*What the exercise asks*. Copy out every entry that follows, without a single picture.
··· Material for this task ···
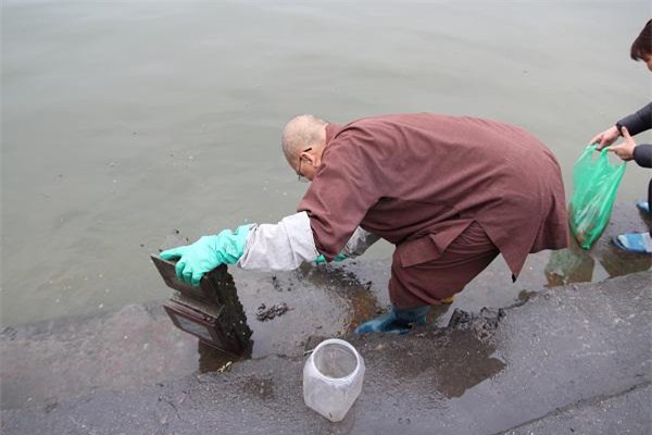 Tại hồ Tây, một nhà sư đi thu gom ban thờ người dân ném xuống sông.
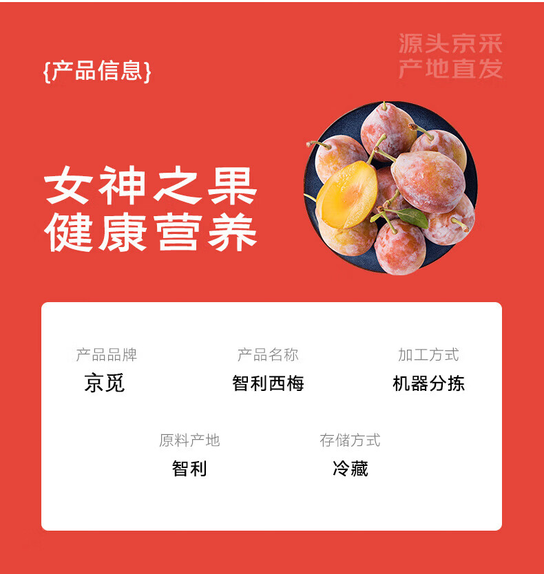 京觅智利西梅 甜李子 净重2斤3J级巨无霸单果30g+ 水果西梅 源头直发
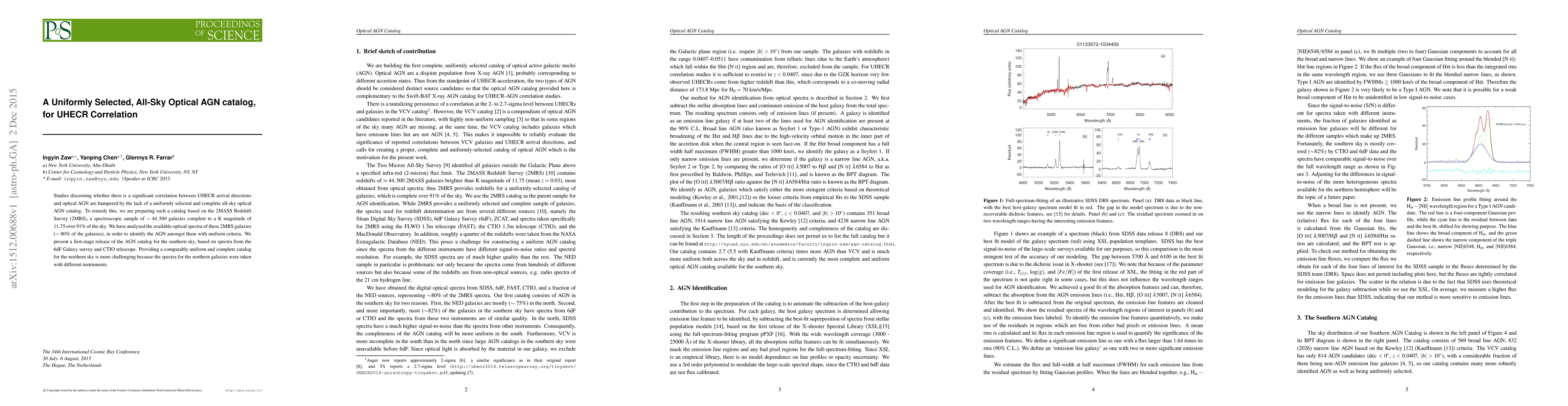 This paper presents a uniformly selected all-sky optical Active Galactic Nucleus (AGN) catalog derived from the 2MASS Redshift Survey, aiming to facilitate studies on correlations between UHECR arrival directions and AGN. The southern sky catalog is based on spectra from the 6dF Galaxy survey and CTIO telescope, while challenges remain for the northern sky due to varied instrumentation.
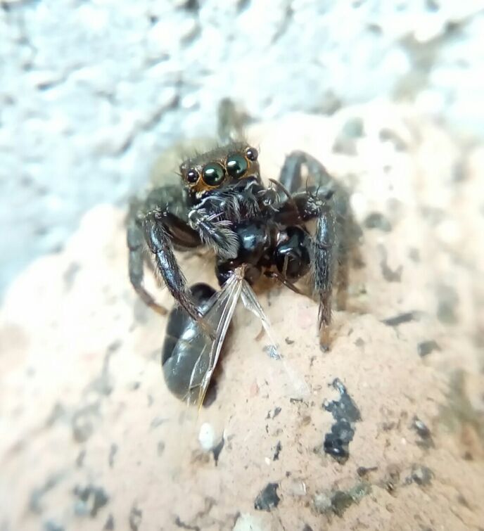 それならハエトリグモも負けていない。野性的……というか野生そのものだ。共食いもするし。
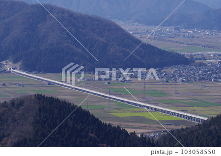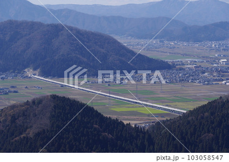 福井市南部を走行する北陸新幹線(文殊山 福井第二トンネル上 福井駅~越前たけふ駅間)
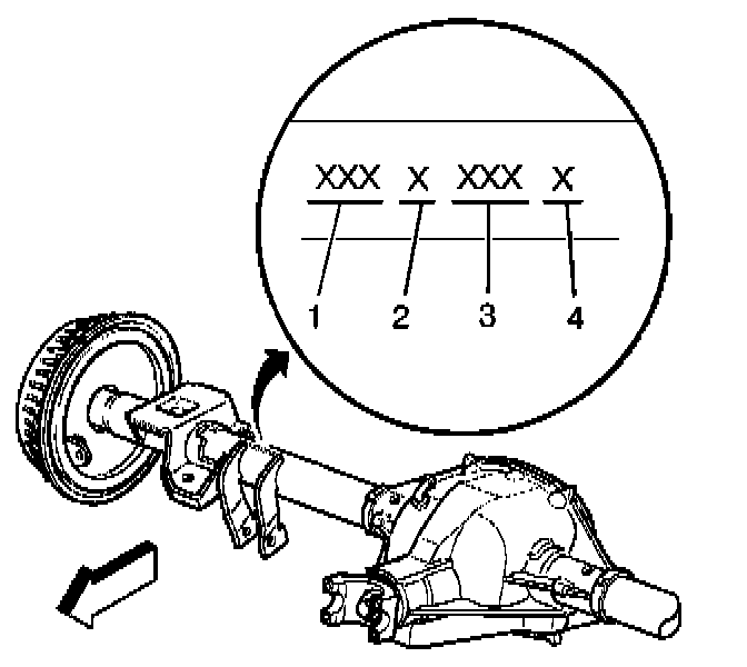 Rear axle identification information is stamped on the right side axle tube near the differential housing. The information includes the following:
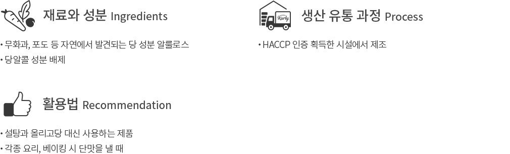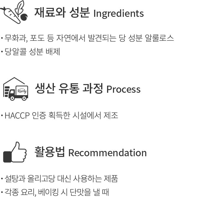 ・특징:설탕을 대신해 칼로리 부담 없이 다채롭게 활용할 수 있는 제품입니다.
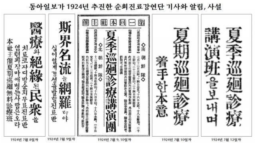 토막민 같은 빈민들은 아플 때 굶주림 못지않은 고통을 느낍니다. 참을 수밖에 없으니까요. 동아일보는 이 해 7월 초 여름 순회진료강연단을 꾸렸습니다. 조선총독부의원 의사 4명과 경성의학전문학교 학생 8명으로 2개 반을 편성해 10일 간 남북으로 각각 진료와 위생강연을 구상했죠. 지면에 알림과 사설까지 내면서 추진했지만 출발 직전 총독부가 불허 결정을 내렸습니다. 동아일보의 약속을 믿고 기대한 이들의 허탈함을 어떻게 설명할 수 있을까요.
···
*Task result*.
 Tại hồ Tây, một nhà sư đi thu gom ban thờ người dân ném xuống sông.
 京觅智利西梅 甜李子 净重2斤3J级巨无霸单果30g+ 水果西梅 源头直发
 This paper presents a uniformly selected all-sky optical Active Galactic Nucleus (AGN) catalog derived from the 2MASS Redshift Survey, aiming to facilitate studies on correlations between UHECR arrival directions and AGN. The southern sky catalog is based on spectra from the 6dF Galaxy survey and CTIO telescope, while challenges remain for the northern sky due to varied instrumentation.
 それならハエトリグモも負けていない。野性的……というか野生そのものだ。共食いもするし。
 福井市南部を走行する北陸新幹線(文殊山 福井第二トンネル上 福井駅~越前たけふ駅間)
 Rear axle identification information is stamped on the right side axle tube near the differential housing. The information includes the following:
 ・특징:설탕을 대신해 칼로리 부담 없이 다채롭게 활용할 수 있는 제품입니다.
 토막민 같은 빈민들은 아플 때 굶주림 못지않은 고통을 느낍니다. 참을 수밖에 없으니까요. 동아일보는 이 해 7월 초 여름 순회진료강연단을 꾸렸습니다. 조선총독부의원 의사 4명과 경성의학전문학교 학생 8명으로 2개 반을 편성해 10일 간 남북으로 각각 진료와 위생강연을 구상했죠. 지면에 알림과 사설까지 내면서 추진했지만 출발 직전 총독부가 불허 결정을 내렸습니다. 동아일보의 약속을 믿고 기대한 이들의 허탈함을 어떻게 설명할 수 있을까요.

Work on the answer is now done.